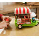 Με μια μαγική κίνηση, το φορτηγάκι ανοίγει και αποκαλύπτει ένα πολύχρωμο κατάστημα όπου όλα συμβαίνουν:
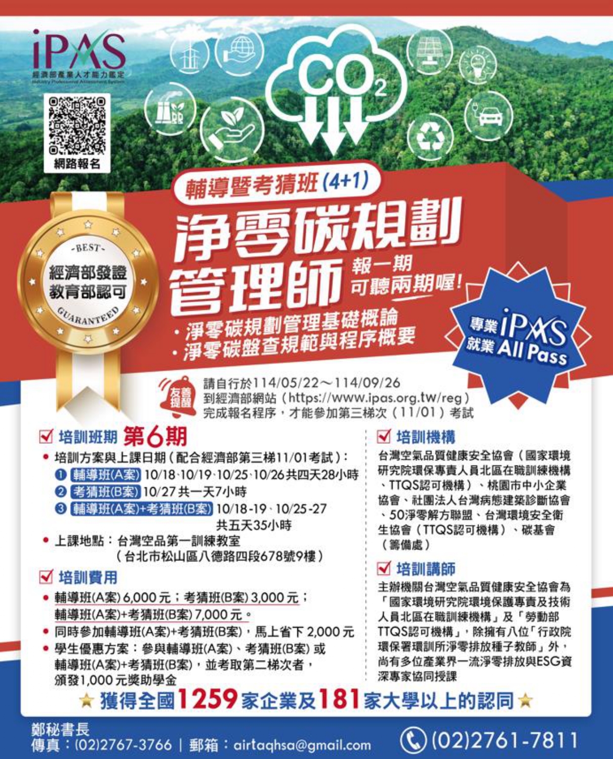 台灣空品辦理經濟部產發署114年度第三梯次「iPAS淨零碳規劃管理師(初級)」4+1考猜班輔導課程,竭誠歡迎有需求的朋友踴躍報名參訓。
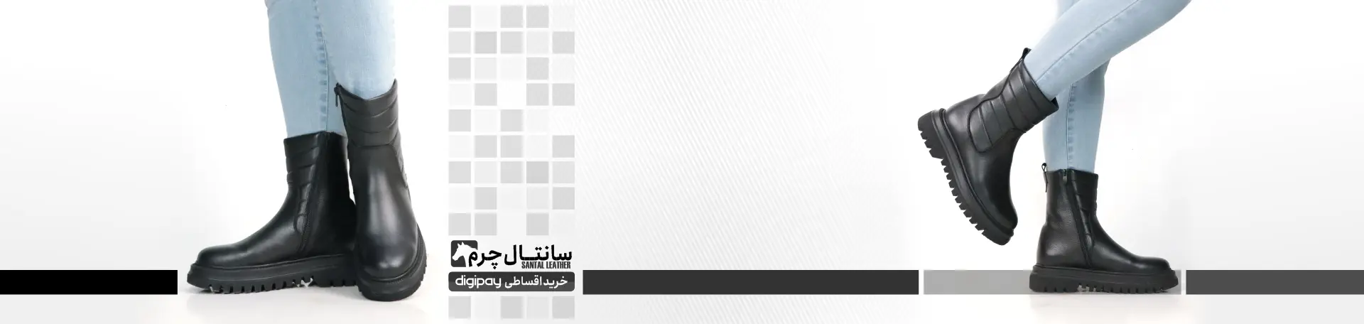 بوت چرم زنانه مدل مربعی
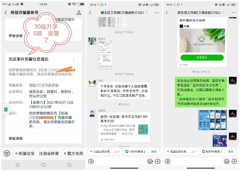 同时,星空(中国)积极推进预防电信诈骗工作,和沙县公安局凤岗派出所合作,推广“金钟罩”反诈骗预警系统。该系统初见成效,综治副校长侯铨贵警官成功地劝阻多起电信诈骗。
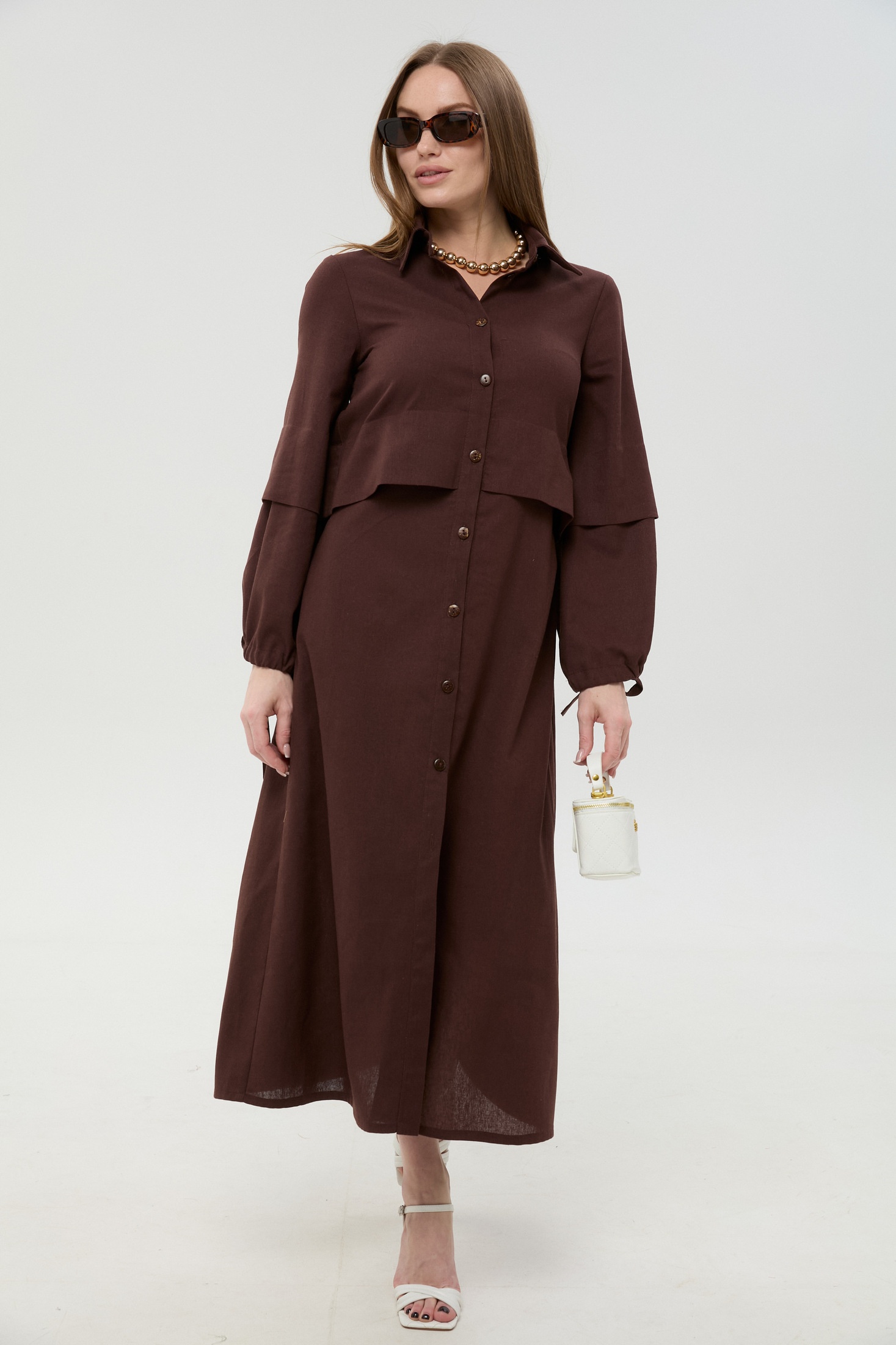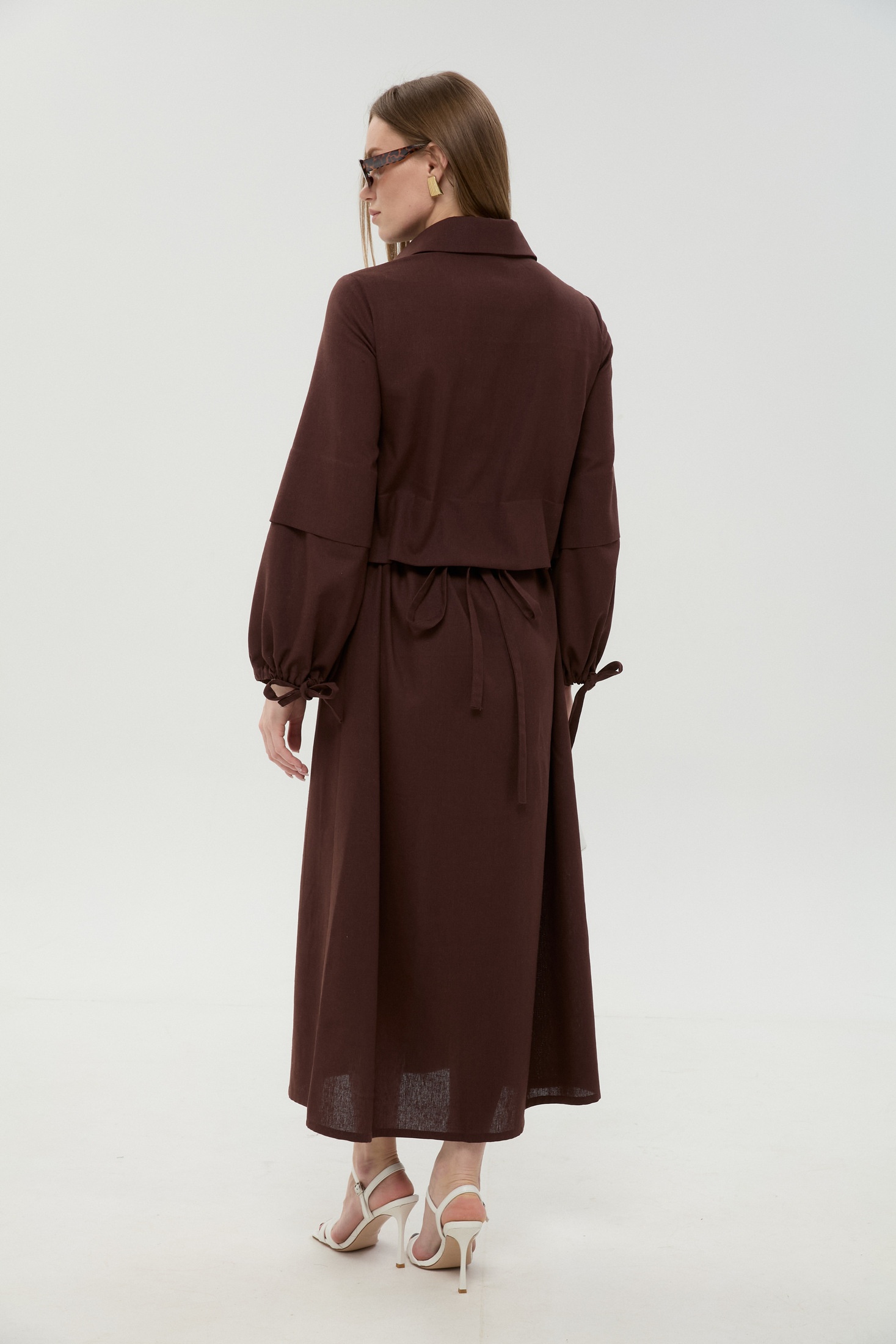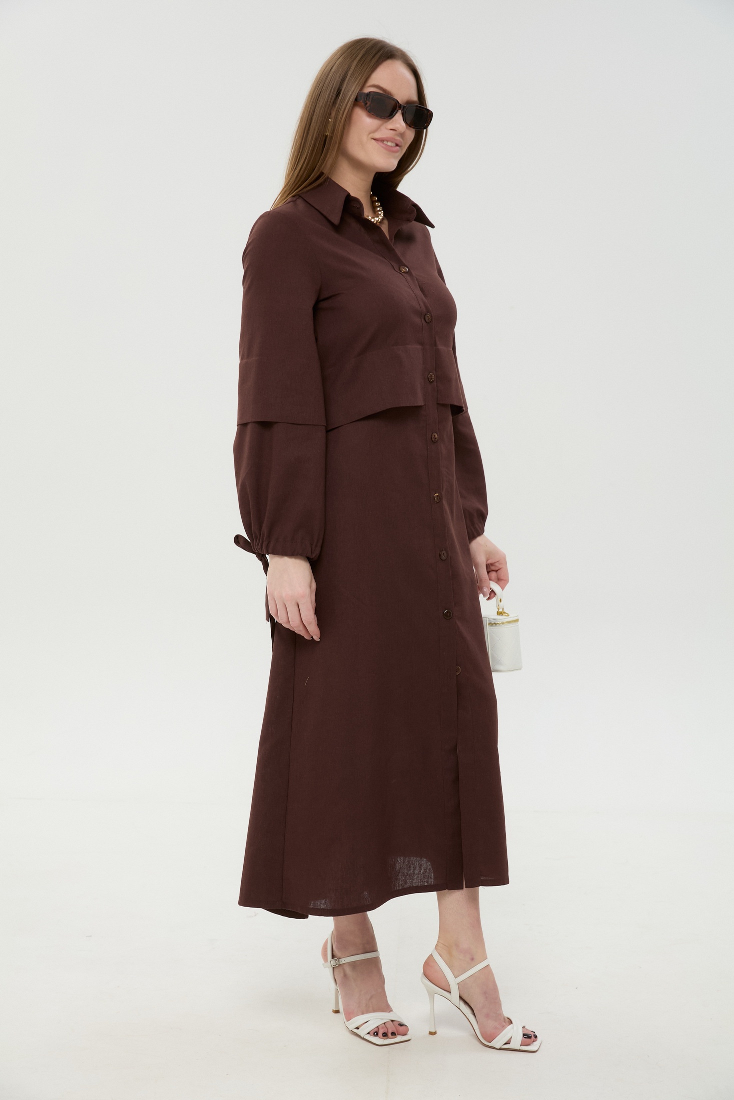Платье 944-16 шоколад от NikVa — это изысканное макси-платье, идеально подходящее для любого сезона. Коллекция бренда NikVa представляет модель из смеси льна, вискозы и хлопка, обеспечивая комфорт и лёгкость. Центральная отрезная застёжка на потайную планку с пуговицами добавляет практичности, а цельнокроеные складки на талии подчёркивают силуэт. Втачные рукава с завязками на манжетах и стояче-отложной воротник добавляют изюминку. Шоколадный цвет и длинна платья делают его универсальным для работы и отдыха, а пояс из основной ткани позволяет легко регулировать посадку.
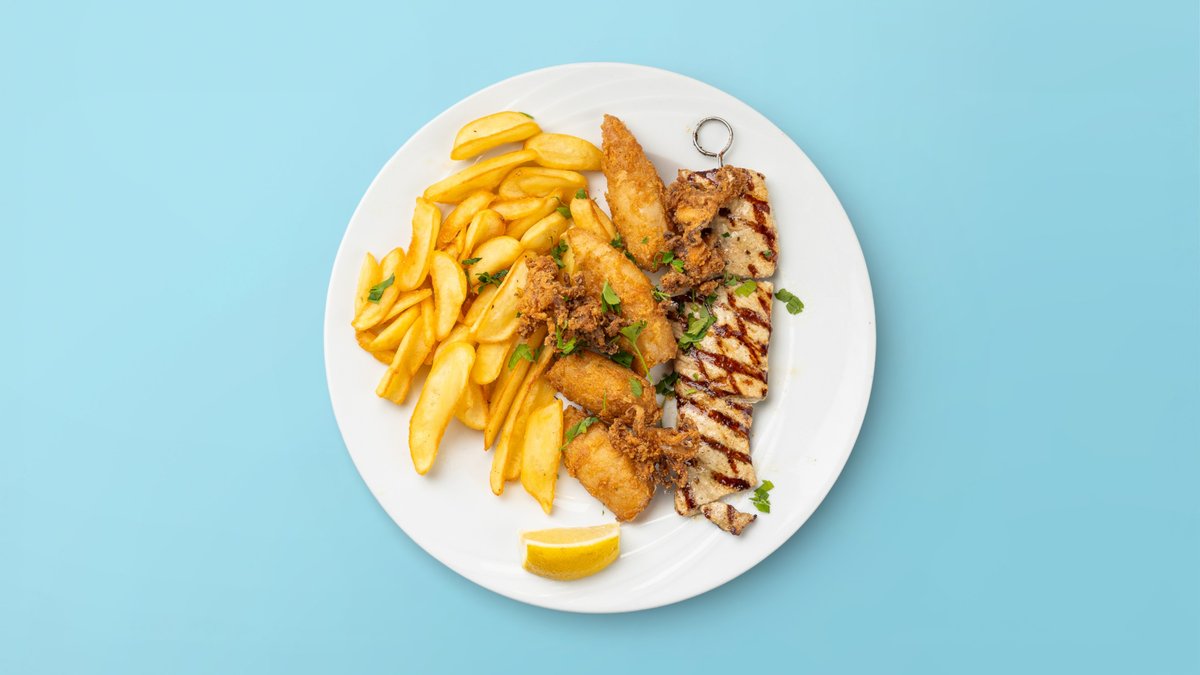 mit Souvlaki vom Schwein, Kalamari, Reis und Tsatsiki
==============================
■ **TASK DETAILS**
Please print the lines from the one holding "台灣空品辦理經濟部產發署11" through the end of the records above, unchanged and with the pictures left out.

■ **RESULT OF THIS TASK**
 台灣空品辦理經濟部產發署114年度第三梯次「iPAS淨零碳規劃管理師(初級)」4+1考猜班輔導課程,竭誠歡迎有需求的朋友踴躍報名參訓。
 بوت چرم زنانه مدل مربعی
 同时,星空(中国)积极推进预防电信诈骗工作,和沙县公安局凤岗派出所合作,推广“金钟罩”反诈骗预警系统。该系统初见成效,综治副校长侯铨贵警官成功地劝阻多起电信诈骗。
Платье 944-16 шоколад от NikVa — это изысканное макси-платье, идеально подходящее для любого сезона. Коллекция бренда NikVa представляет модель из смеси льна, вискозы и хлопка, обеспечивая комфорт и лёгкость. Центральная отрезная застёжка на потайную планку с пуговицами добавляет практичности, а цельнокроеные складки на талии подчёркивают силуэт. Втачные рукава с завязками на манжетах и стояче-отложной воротник добавляют изюминку. Шоколадный цвет и длинна платья делают его универсальным для работы и отдыха, а пояс из основной ткани позволяет легко регулировать посадку.
 mit Souvlaki vom Schwein, Kalamari, Reis und Tsatsiki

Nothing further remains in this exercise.